» STUDY MATERIAL
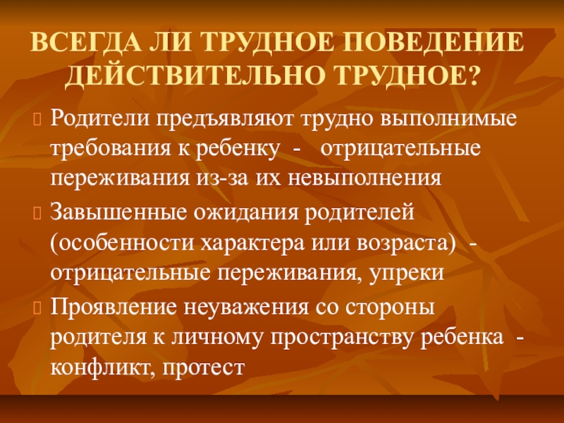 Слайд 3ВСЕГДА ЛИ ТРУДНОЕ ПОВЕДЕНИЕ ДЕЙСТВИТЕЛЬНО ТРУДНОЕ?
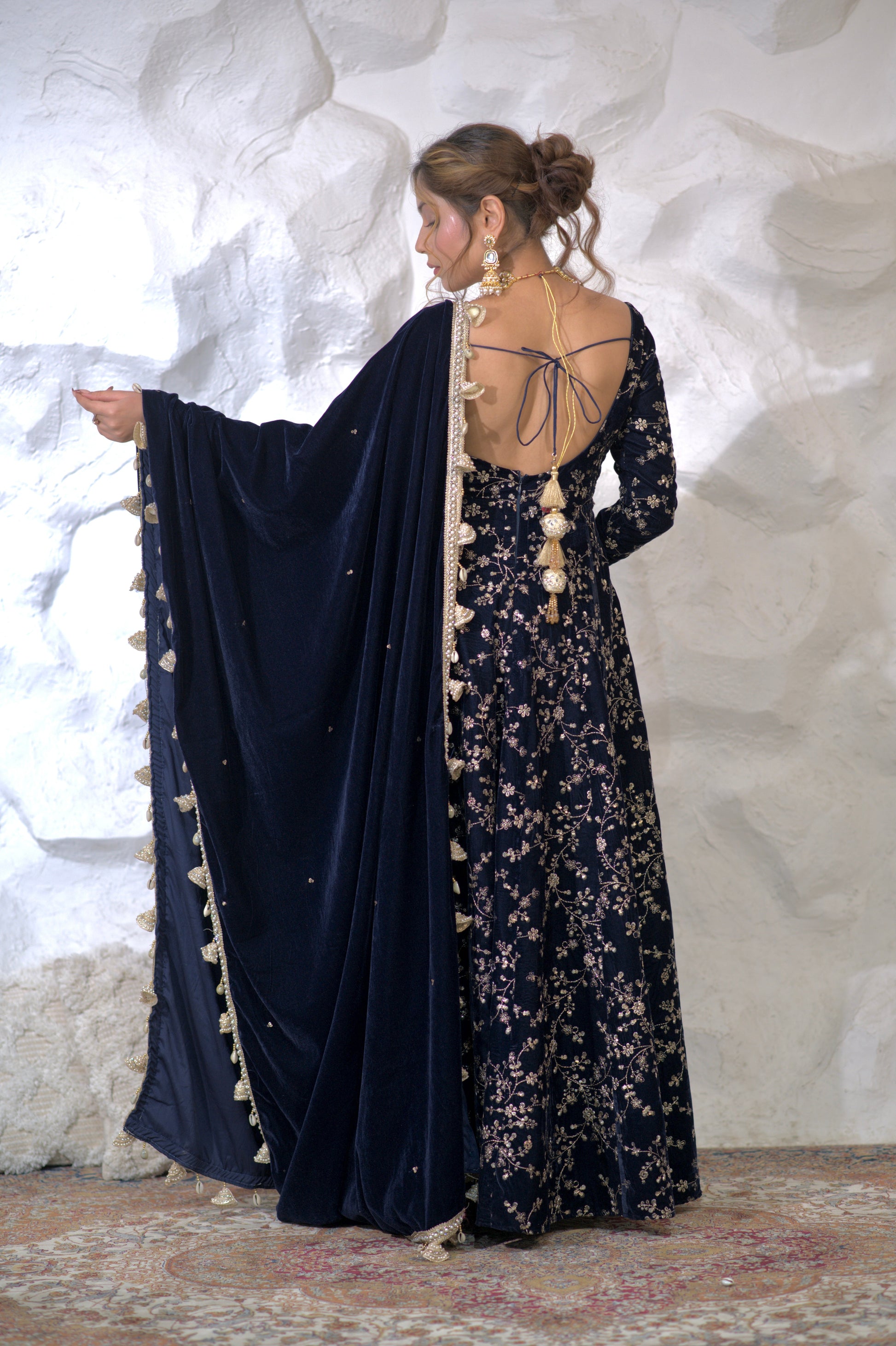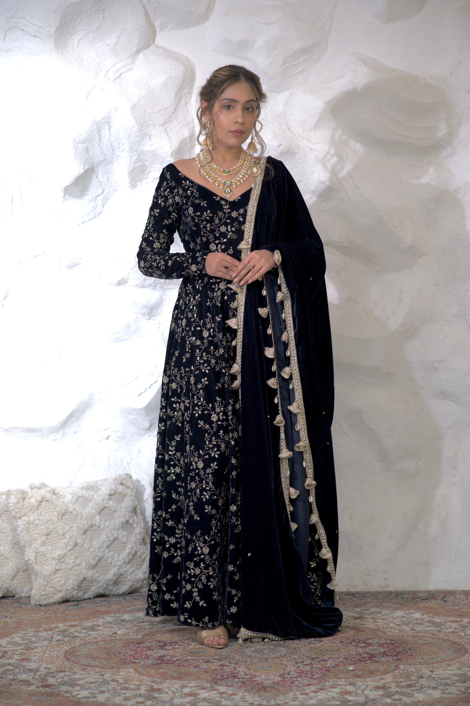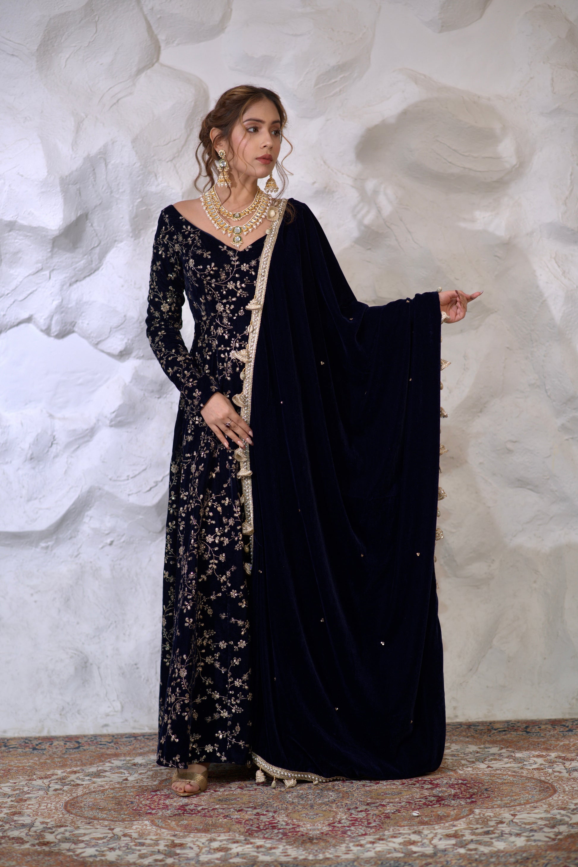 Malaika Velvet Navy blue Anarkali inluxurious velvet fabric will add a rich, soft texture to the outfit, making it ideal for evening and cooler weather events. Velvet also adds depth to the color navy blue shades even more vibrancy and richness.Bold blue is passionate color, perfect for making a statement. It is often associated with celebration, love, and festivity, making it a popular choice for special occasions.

* * *

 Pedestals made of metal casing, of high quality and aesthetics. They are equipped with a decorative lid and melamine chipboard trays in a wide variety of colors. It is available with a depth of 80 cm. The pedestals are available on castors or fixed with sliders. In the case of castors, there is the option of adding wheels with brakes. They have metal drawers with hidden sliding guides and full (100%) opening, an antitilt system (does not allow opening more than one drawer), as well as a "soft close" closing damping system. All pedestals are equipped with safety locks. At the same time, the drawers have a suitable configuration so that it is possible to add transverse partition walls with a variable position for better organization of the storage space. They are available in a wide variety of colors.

» DESCRIPTION OF THE TASK
Exact copy, pictures excluded: from the line with "Слайд 3ВСЕГДА ЛИ" up to and including the line with "Malaika Velvet Navy" in the data above.

» SOLUTION BELOW
 Слайд 3ВСЕГДА ЛИ ТРУДНОЕ ПОВЕДЕНИЕ ДЕЙСТВИТЕЛЬНО ТРУДНОЕ?
 Malaika Velvet Navy blue Anarkali inluxurious velvet fabric will add a rich, soft texture to the outfit, making it ideal for evening and cooler weather events. Velvet also adds depth to the color navy blue shades even more vibrancy and richness.Bold blue is passionate color, perfect for making a statement. It is often associated with celebration, love, and festivity, making it a popular choice for special occasions.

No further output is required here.